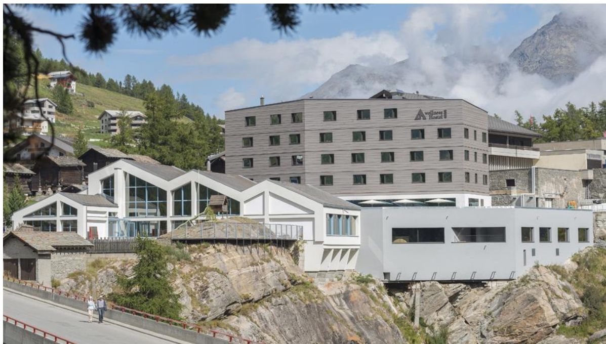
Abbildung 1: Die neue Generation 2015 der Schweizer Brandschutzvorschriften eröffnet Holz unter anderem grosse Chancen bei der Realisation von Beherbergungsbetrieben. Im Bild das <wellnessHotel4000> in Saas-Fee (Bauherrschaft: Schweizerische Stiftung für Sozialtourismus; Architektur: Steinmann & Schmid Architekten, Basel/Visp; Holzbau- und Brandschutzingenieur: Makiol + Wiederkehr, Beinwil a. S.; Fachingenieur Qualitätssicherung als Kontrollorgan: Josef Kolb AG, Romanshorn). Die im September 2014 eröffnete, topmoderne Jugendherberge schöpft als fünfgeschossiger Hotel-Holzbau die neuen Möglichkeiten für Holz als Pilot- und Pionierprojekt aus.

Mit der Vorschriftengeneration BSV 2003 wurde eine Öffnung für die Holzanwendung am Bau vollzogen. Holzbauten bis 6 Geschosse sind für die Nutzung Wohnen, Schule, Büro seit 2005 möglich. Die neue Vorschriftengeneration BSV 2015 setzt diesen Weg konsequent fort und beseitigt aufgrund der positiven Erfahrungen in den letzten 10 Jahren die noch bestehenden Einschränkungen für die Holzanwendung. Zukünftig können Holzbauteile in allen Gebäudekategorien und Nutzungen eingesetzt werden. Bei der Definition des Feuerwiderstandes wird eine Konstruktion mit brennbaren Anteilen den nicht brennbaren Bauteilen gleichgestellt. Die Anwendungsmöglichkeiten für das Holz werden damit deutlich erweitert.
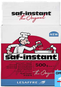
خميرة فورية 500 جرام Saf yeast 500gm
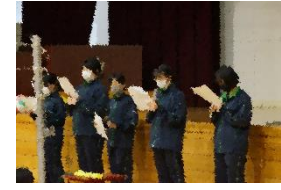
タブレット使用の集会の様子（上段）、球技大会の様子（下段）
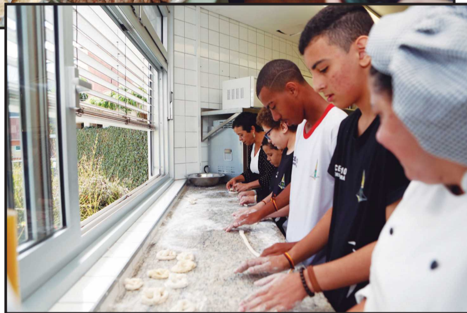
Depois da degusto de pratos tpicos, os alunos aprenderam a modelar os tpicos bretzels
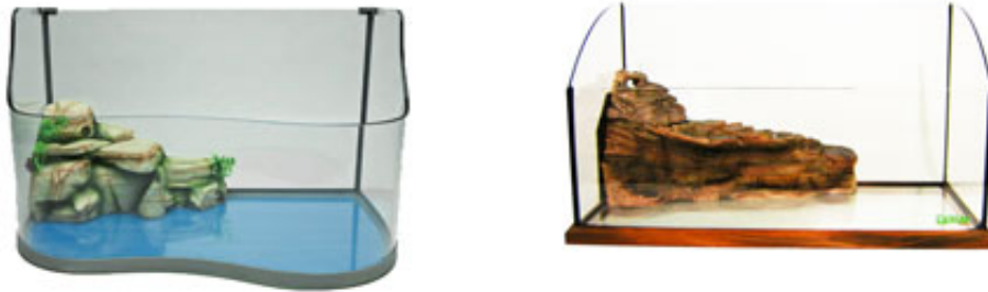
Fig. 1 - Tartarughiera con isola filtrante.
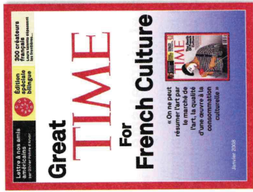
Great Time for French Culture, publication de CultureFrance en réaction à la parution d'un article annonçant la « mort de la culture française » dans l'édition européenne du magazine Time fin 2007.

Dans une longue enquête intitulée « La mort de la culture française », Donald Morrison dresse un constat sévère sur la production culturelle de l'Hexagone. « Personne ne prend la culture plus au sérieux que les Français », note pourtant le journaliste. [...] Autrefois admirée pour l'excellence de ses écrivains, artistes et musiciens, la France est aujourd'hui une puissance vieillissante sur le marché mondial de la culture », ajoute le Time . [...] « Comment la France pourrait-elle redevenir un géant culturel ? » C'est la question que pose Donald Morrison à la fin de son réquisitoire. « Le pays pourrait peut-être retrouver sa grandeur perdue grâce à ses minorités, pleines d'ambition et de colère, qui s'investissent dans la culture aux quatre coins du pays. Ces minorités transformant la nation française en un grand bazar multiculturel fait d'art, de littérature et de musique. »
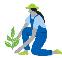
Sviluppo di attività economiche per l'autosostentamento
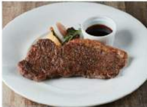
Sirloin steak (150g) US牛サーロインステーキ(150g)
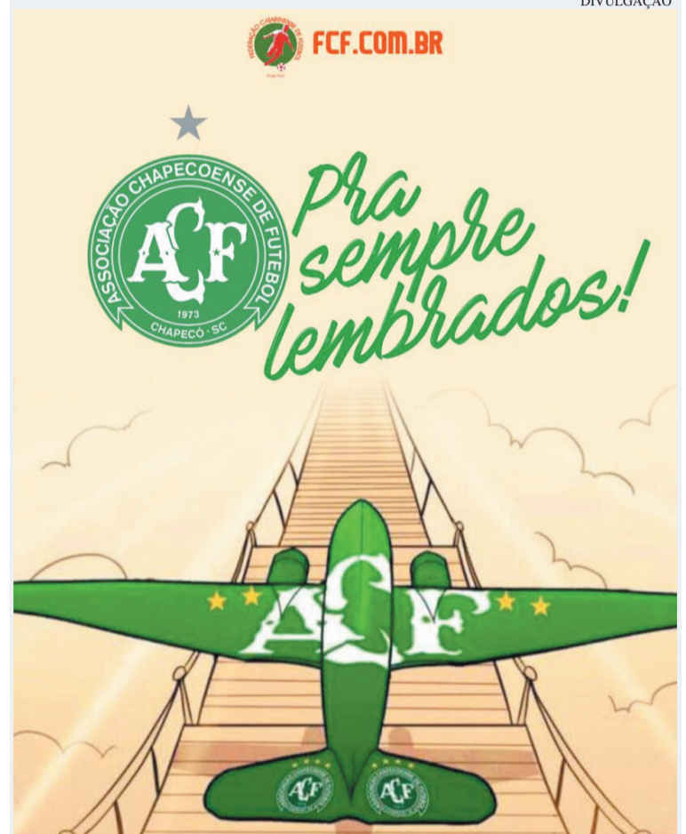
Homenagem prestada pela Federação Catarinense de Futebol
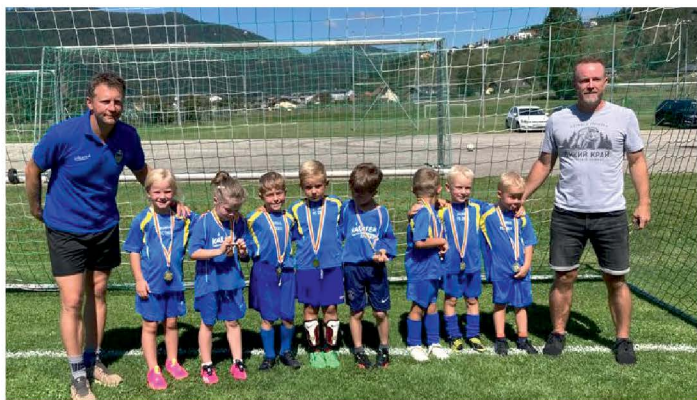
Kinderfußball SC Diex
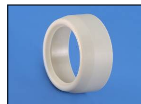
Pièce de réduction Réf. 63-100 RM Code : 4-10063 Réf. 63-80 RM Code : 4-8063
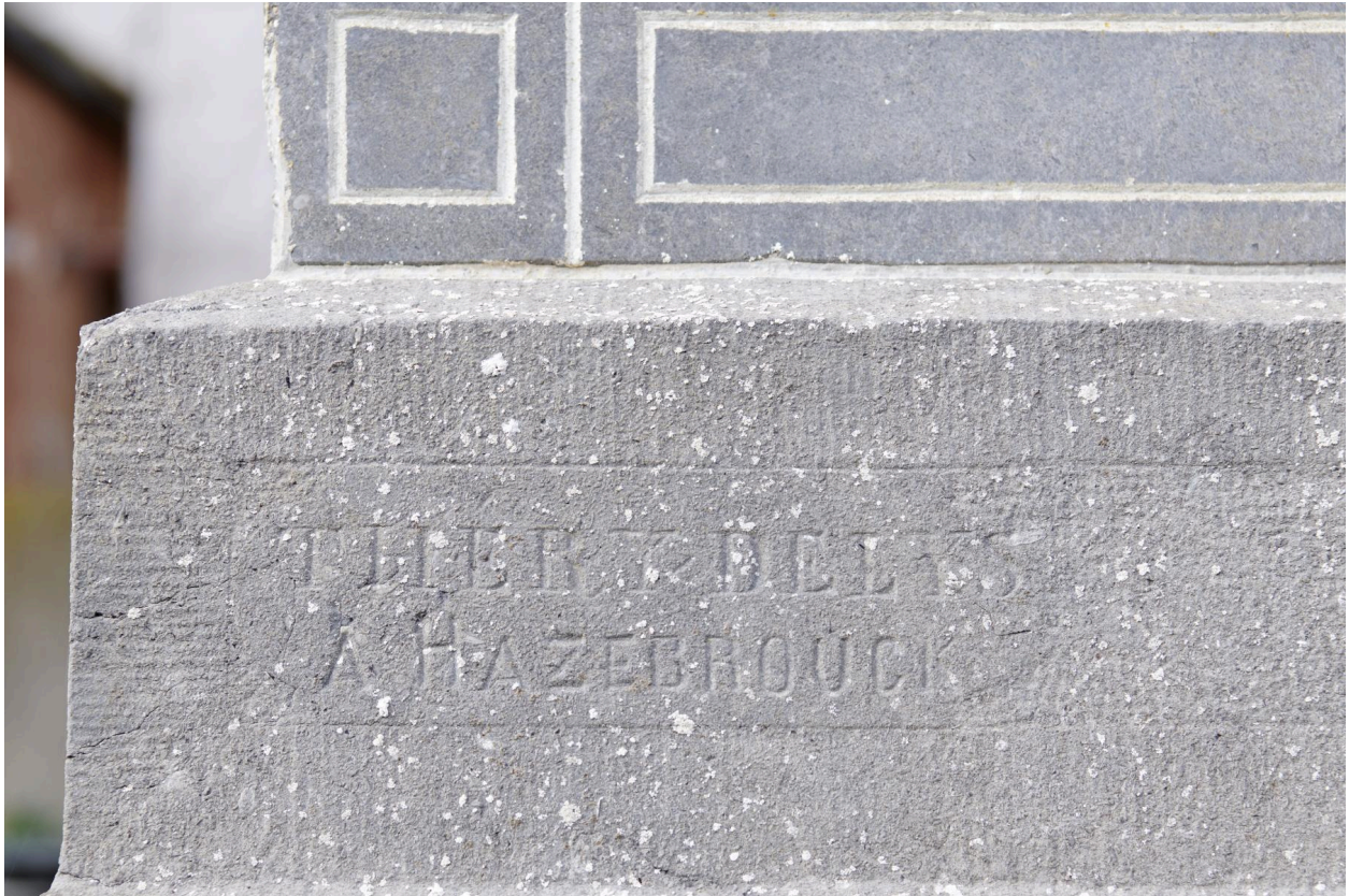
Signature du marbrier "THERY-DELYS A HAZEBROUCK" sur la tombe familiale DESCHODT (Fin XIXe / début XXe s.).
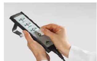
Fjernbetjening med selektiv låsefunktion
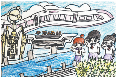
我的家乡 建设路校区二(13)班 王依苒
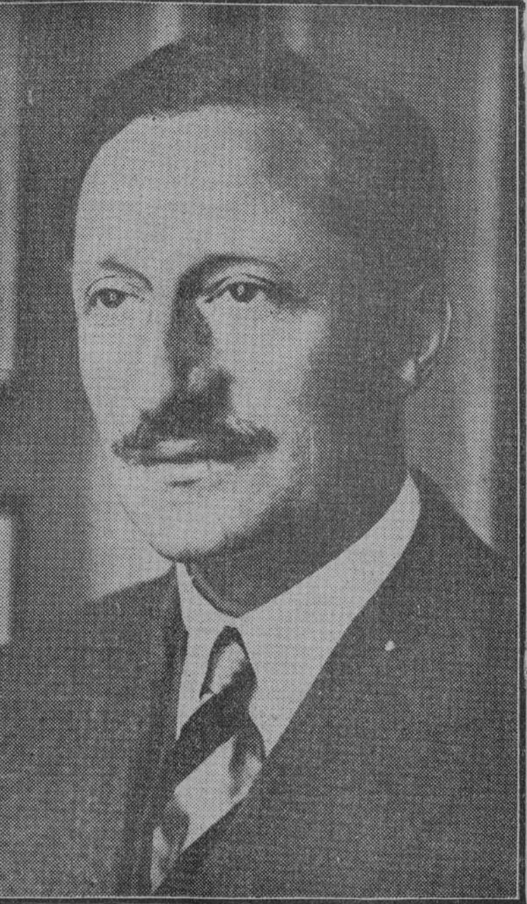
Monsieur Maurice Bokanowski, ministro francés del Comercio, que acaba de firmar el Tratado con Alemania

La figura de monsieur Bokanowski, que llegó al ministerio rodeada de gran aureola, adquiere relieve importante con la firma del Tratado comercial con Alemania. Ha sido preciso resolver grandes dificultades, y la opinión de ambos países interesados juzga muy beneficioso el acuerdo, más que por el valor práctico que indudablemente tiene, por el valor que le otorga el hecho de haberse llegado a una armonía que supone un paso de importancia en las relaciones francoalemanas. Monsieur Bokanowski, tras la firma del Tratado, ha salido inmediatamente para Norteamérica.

YOUR ASSIGNMENT: Since the pictures are not part of the copy, please transcribe only the lines above from the one with "我的家乡 建设路校区二(13)班 王依苒" through the one with "Monsieur Maurice Bokanowski, ministro", exactly and with both ends.

ANSWER FOR THIS EXERCISE:
我的家乡 建设路校区二(13)班 王依苒
Monsieur Maurice Bokanowski, ministro francés del Comercio, que acaba de firmar el Tratado con Alemania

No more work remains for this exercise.